The problem = Reproduce, without alteration, every line of the data; exclude the images.

Data section =
>>>>

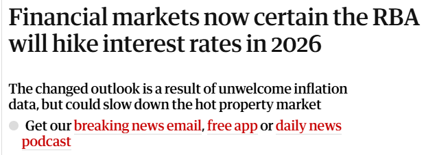 3 金融市场目前已将储备银行在 2026 年加息的概率定为 100%
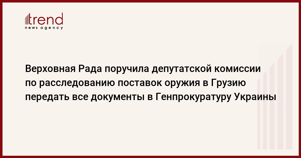 Украина, Киев, 19 декабря /корр. Trend З.Новсвитский/ Верховная Рада сегодня поручила временной следственной комиссии (ВСК) по вопросам выяснения обстоятельств поставки в Грузию украинской военной техники, с целью установления фактов нарушения законодательства Украины и норм международного права, передать Генеральной прокуратуре все документы для соответствующего реагирования на них.
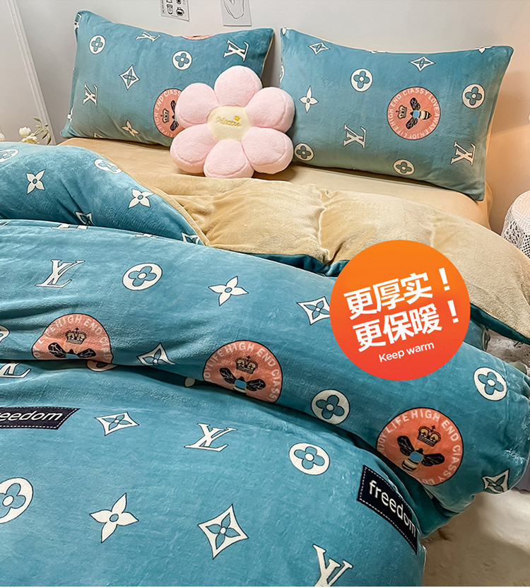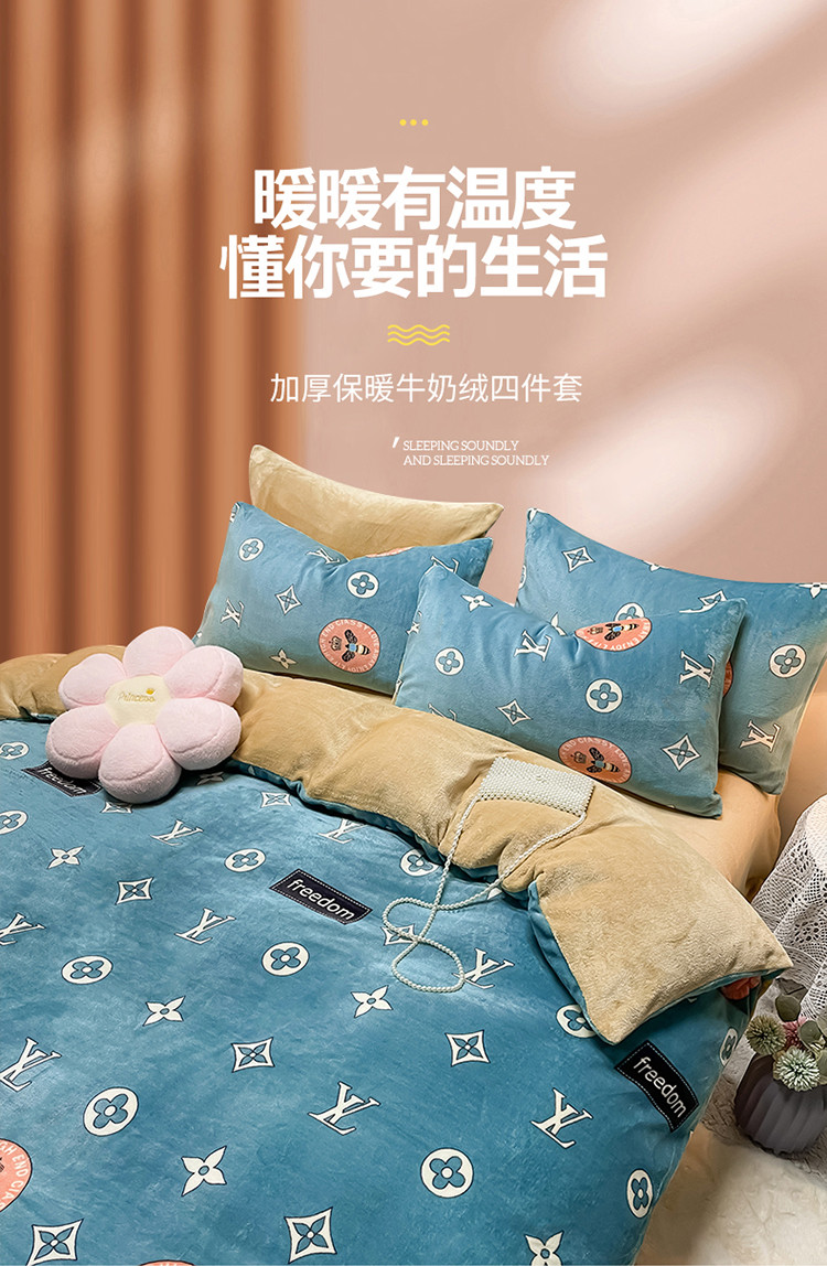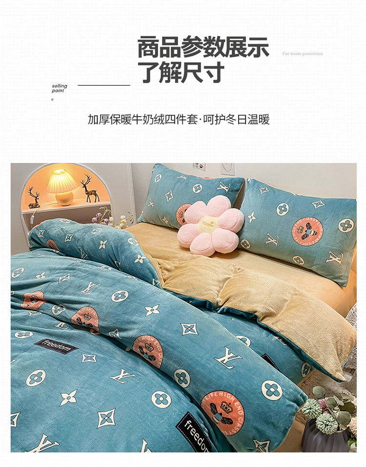 商品名称:芃成家纺 2021新款牛奶绒印花四件套 休闲
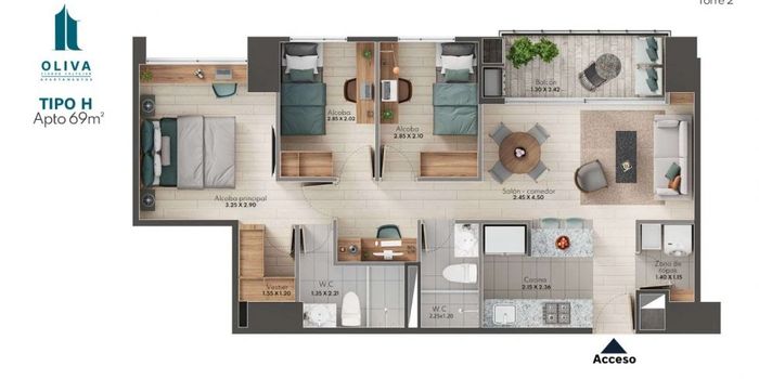 69.0 m2El inmueble cuenta con:

<<<<

Written reply =
 3 金融市场目前已将储备银行在 2026 年加息的概率定为 100%
 Украина, Киев, 19 декабря /корр. Trend З.Новсвитский/ Верховная Рада сегодня поручила временной следственной комиссии (ВСК) по вопросам выяснения обстоятельств поставки в Грузию украинской военной техники, с целью установления фактов нарушения законодательства Украины и норм международного права, передать Генеральной прокуратуре все документы для соответствующего реагирования на них.
 商品名称:芃成家纺 2021新款牛奶绒印花四件套 休闲
 69.0 m2El inmueble cuenta con:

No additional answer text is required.